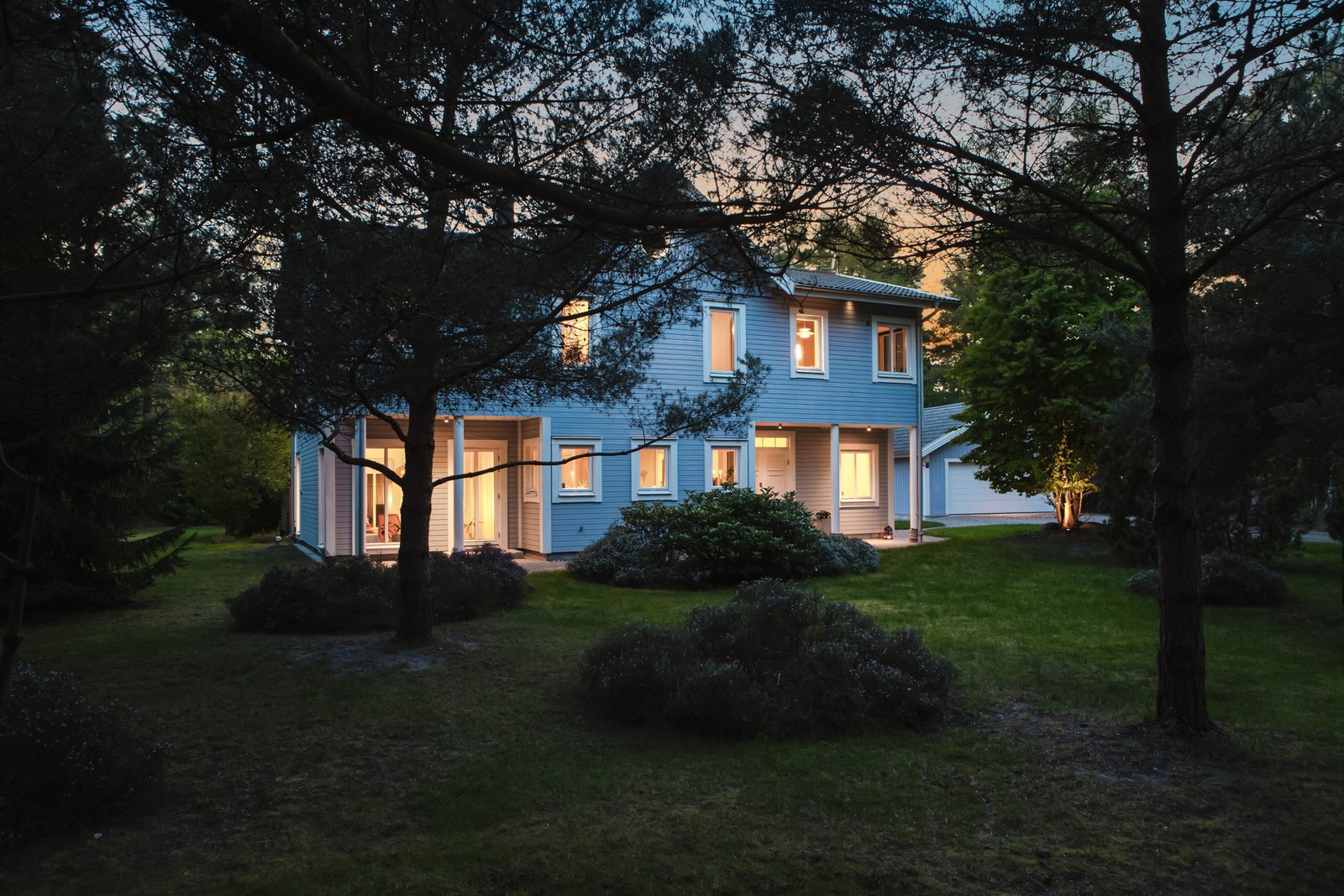 Innanför villans närmast heltäckande glaspartier sveper det varma, ombonande skeppsgolvet ut under en rejäl takhöjd. Ljuset faller in från alla fyra väderstreck och matsalens breda glasburspråk ligger i öppen planlösning med sällskapsytorna. Transparensen mot den stora trädgårdens höga grönska är snudd på total. Den stora villan byggdes 2005 i en tidlöst formspråk med tydliga drag av den klassiska New England-stilen. Den liggande brädfasaden under det svagt sluttande taket har högsmala fönsterpartier med vita karmar. Gestaltningen är något sluten mot entrésidan för att på trädgårdssidan öppna upp med glaspartier, träterrass och snickarglada terrassbalkonger. Runt villan och genom gräsytorna löper stensatta gångar fram till de fyra hörnens små terrasser under tak flankerade av klassiska, vita kolonner. Byggnaden ligger långt in på den stora tomten om närmare 3000 kvm och gränsar till en allmänning. Interiören präglas av rena arkitekturlinjer och till stor del öppen planlösning med ljus från flera håll. Villan har två signaturgolv som kommer igen i alla ytor. Dels ett skeppsgolv från Junckers, dels svagt strukturerad klinker i kulören italiensk sandsten. Utöver ett stort och exklusivt utrustat Marbodalkök, samt sällskapsytor och matsal i ett lägre etage, rymmer entréplanet badrum, grovkök samt ett ljust och charmigt arbetsrum med stark atmosfär och platsbyggd garderobsvägg. Övre planet överraskar med ett mycket stort och ljust allrum med skyhögt sadeltak och utgång till en av två terrassbalkonger. Häruppe finns även tre sovrum, badrum, tvättstuga samt en magnifik master bedroom-svit med walk-in-closet och sobert badrum. Det skyddade läget i fridfullt grönskande kvarter i Ljungskogen kräver troligen ingen djupare förklaring. Närheten till unik natur, långa stränder och möjligheten till ett aktivt liv vid havet är lika given som välkänd.
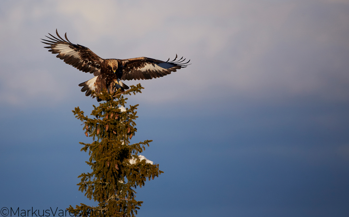 Aperture F-number f/6.3 Exposure Time: 1/3200 ISO: 800 Image information: Golden Eagle (Aquila chrysaetos) Norway March 2016. Time from camera: 2016:03:08 Copyright: Markus Varesvuo Pursilahdenranta 2B22 00980 Helsinki Finland +358405033831 markus.varesvuo@lintukuva.fi Camera: Canon EOS-1D X Focal Length: 560/1 | |
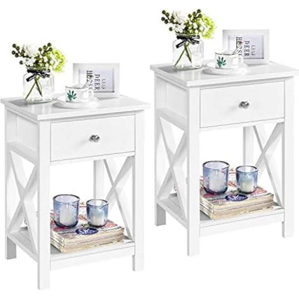 Yaheetech Комплект из 2 прикроватных тумбочек с 1 ящиком и открытым отделением для хранения Боковой столик Х-образные опорные ножки Современная
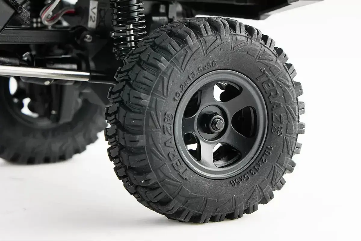 The FCX18 features a well designed 4 point suspension link system to assist drivers by more effectively dispersing and absorbing impacts and vibration in many different driving conditions. This helps maintain a high level of balance and stability in even the roughest of environments.
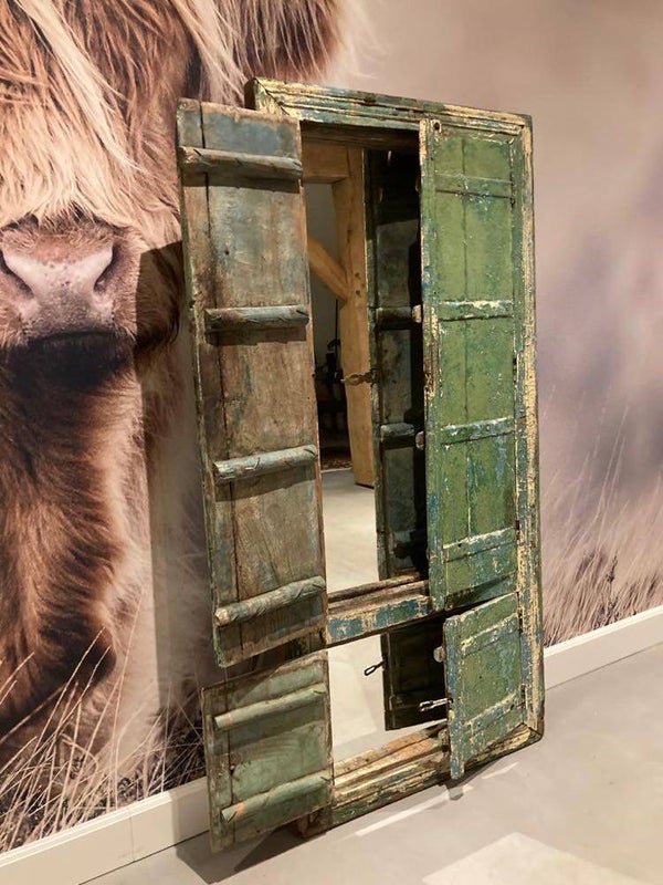 Deze authentieke deuren zijn afkomstig uit India. Zodra je de deuren openklapt, komt er een prachtige spiegel tevoorschijn.

§ EXERCISE DETAILS: Write out the records above once more, word for word, with no pictures.

§ RESPONSE BOX:
 Innanför villans närmast heltäckande glaspartier sveper det varma, ombonande skeppsgolvet ut under en rejäl takhöjd. Ljuset faller in från alla fyra väderstreck och matsalens breda glasburspråk ligger i öppen planlösning med sällskapsytorna. Transparensen mot den stora trädgårdens höga grönska är snudd på total. Den stora villan byggdes 2005 i en tidlöst formspråk med tydliga drag av den klassiska New England-stilen. Den liggande brädfasaden under det svagt sluttande taket har högsmala fönsterpartier med vita karmar. Gestaltningen är något sluten mot entrésidan för att på trädgårdssidan öppna upp med glaspartier, träterrass och snickarglada terrassbalkonger. Runt villan och genom gräsytorna löper stensatta gångar fram till de fyra hörnens små terrasser under tak flankerade av klassiska, vita kolonner. Byggnaden ligger långt in på den stora tomten om närmare 3000 kvm och gränsar till en allmänning. Interiören präglas av rena arkitekturlinjer och till stor del öppen planlösning med ljus från flera håll. Villan har två signaturgolv som kommer igen i alla ytor. Dels ett skeppsgolv från Junckers, dels svagt strukturerad klinker i kulören italiensk sandsten. Utöver ett stort och exklusivt utrustat Marbodalkök, samt sällskapsytor och matsal i ett lägre etage, rymmer entréplanet badrum, grovkök samt ett ljust och charmigt arbetsrum med stark atmosfär och platsbyggd garderobsvägg. Övre planet överraskar med ett mycket stort och ljust allrum med skyhögt sadeltak och utgång till en av två terrassbalkonger. Häruppe finns även tre sovrum, badrum, tvättstuga samt en magnifik master bedroom-svit med walk-in-closet och sobert badrum. Det skyddade läget i fridfullt grönskande kvarter i Ljungskogen kräver troligen ingen djupare förklaring. Närheten till unik natur, långa stränder och möjligheten till ett aktivt liv vid havet är lika given som välkänd.
 Aperture F-number f/6.3 Exposure Time: 1/3200 ISO: 800 Image information: Golden Eagle (Aquila chrysaetos) Norway March 2016. Time from camera: 2016:03:08 Copyright: Markus Varesvuo Pursilahdenranta 2B22 00980 Helsinki Finland +358405033831 markus.varesvuo@lintukuva.fi Camera: Canon EOS-1D X Focal Length: 560/1 | |
 Yaheetech Комплект из 2 прикроватных тумбочек с 1 ящиком и открытым отделением для хранения Боковой столик Х-образные опорные ножки Современная
 The FCX18 features a well designed 4 point suspension link system to assist drivers by more effectively dispersing and absorbing impacts and vibration in many different driving conditions. This helps maintain a high level of balance and stability in even the roughest of environments.
 Deze authentieke deuren zijn afkomstig uit India. Zodra je de deuren openklapt, komt er een prachtige spiegel tevoorschijn.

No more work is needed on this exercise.